The 1919 Michigan Event refers to a possible meteor air burst on the evening of November 26, 1919, over far northern Indiana and southern Michigan in the United States.

==Overview==
Shortly before 8:00 pm (local time) on November 26, 1919, dozens of eyewitnesses throughout northern Indiana and southern Michigan reported seeing a "brilliant meteor" traveling westward toward Lake Michigan; the meteor was widely reported as both extremely colorful and producing audible sounds. The meteor was also sighted in more distant locations, including Newberry, Michigan, within the state's Upper Peninsula, Lucknow, Ontario, and across Lake Michigan in Milwaukee, Wisconsin. The shockwave from the meteor created earthquake-like tremors which caused damage to telephone lines, telegraph lines, and electrical infrastructure.

==Selected eyewitness reports==

William Herbert Hobbs recorded this account from Leroy Milhan, from Centreville, Michigan:

"Very bright-yellowish light suffused the clouds and seemingly every particle of cold, misty rain that was falling. The road, trees, houses, and even ourselves were bathed in a blinding phosphorescent-like glow which had its center in a bright streak in the sky above us. It passed over us toward the west. Immediately came a muffled report or jar that shook houses and the very earth like an earthquake."

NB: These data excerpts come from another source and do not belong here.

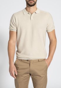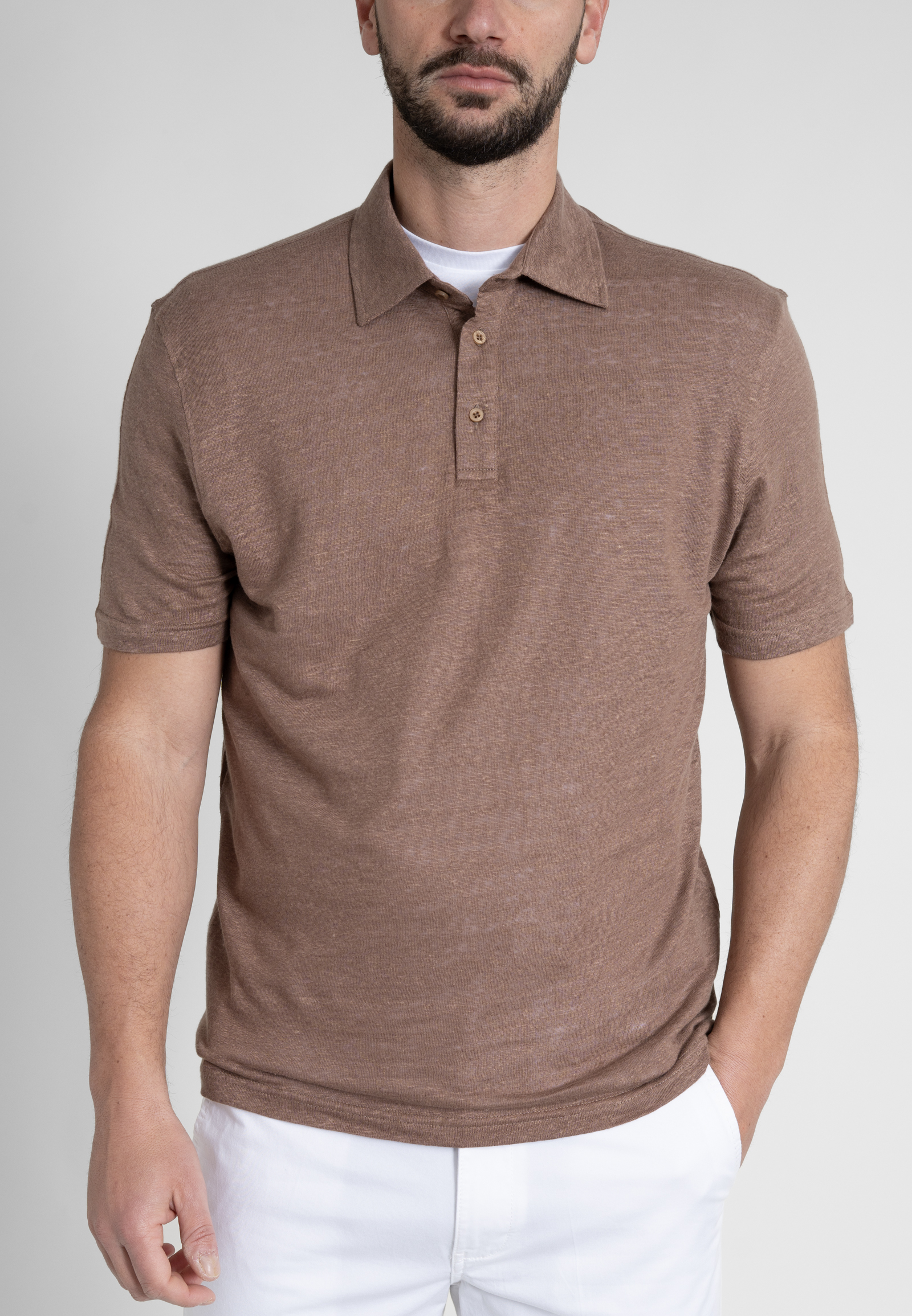 Πόλο από λινό ‘melange’ σε κανονική γραμμή. Γιακάς πουκαμίσου, πατιλέτα με τρία κουμπιά και μανίκι κοντό.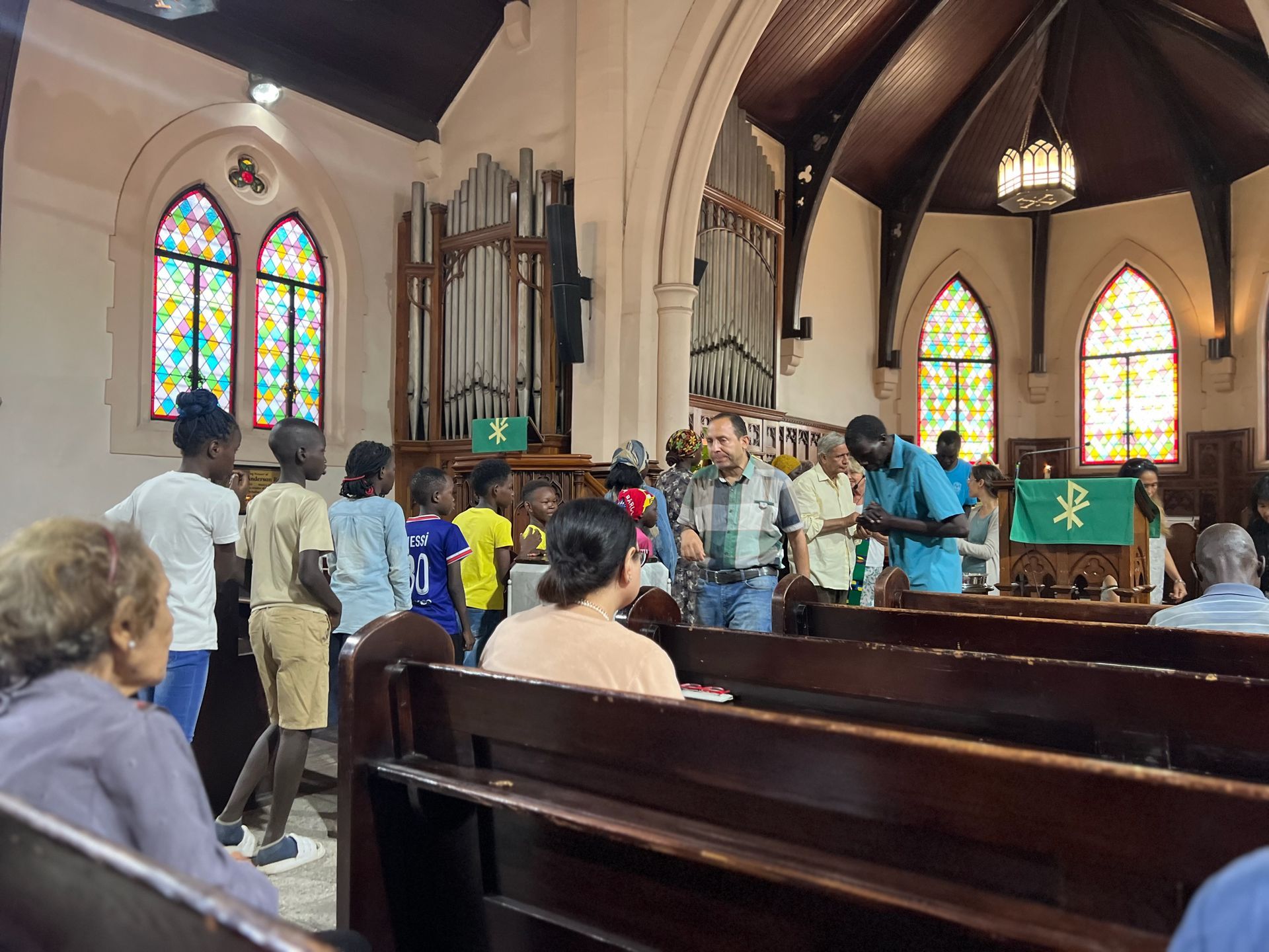 Day 6. The next day, we attended the English worship service at the Lutheran Church near John’s home. Sadly, we missed out on communion, which is not celebrated every Sunday. After worship, I got to present the motorbike, 2 helmets, the key, and the insurance and registration papers to a very happy Pr. Georges. Later that day, Pr. Prince sent me photos of the Matimba Parish church and school. The day ended with a delicious meal at a Thai restaurant.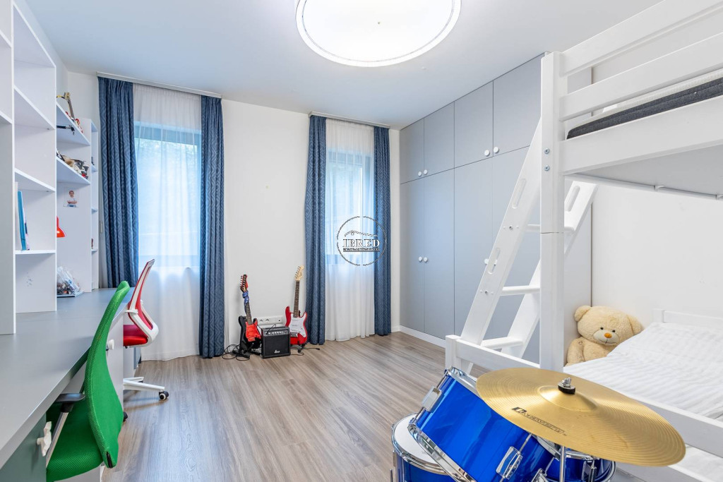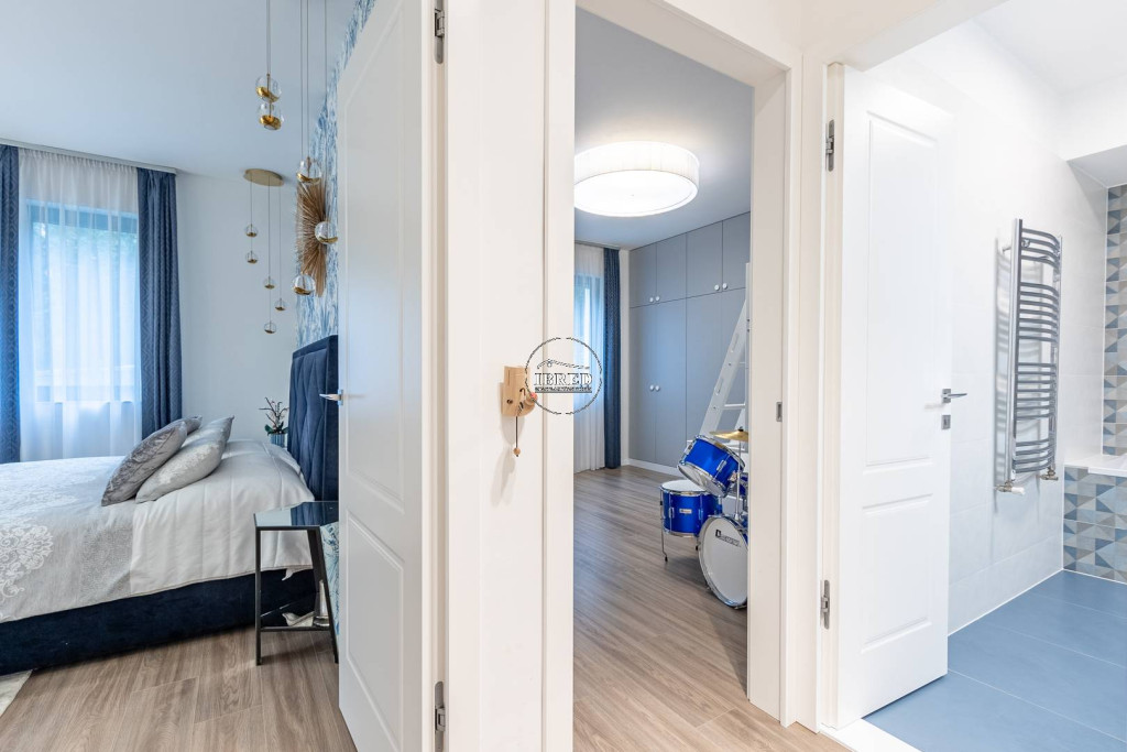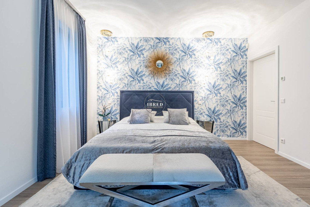 A közlekedőből nyílik további egy hálószoba, és egy kádas fürdőszoba, valamint a szülői apartman - ami egy egyedi megjelenésű -, üvegfallal leválasztott látványfürdővel, design térkáddal, dupla mosdóval, illetve járható gardróbbal is rendelkezik.

Coast Guard stations on the eastern shoreline of Lake Michigan reported the following:

"A brilliant meteor was scene by watchmen at the Coast Guard stations at Ludington and Point Sable at 7:45 P.M. on the twenty-sixth. It was first seen almost overhead, whence it moved to the south, leaving a trail of blue. When near the southern horizon, and apparently along the lake shore, it burst like a sky-rocket into many pieces, which were colored blue, red, green, and yellow and otherwise, and fell to the ground. A swishing was heard as the meteor passed through the air; no explosion and no shock were felt."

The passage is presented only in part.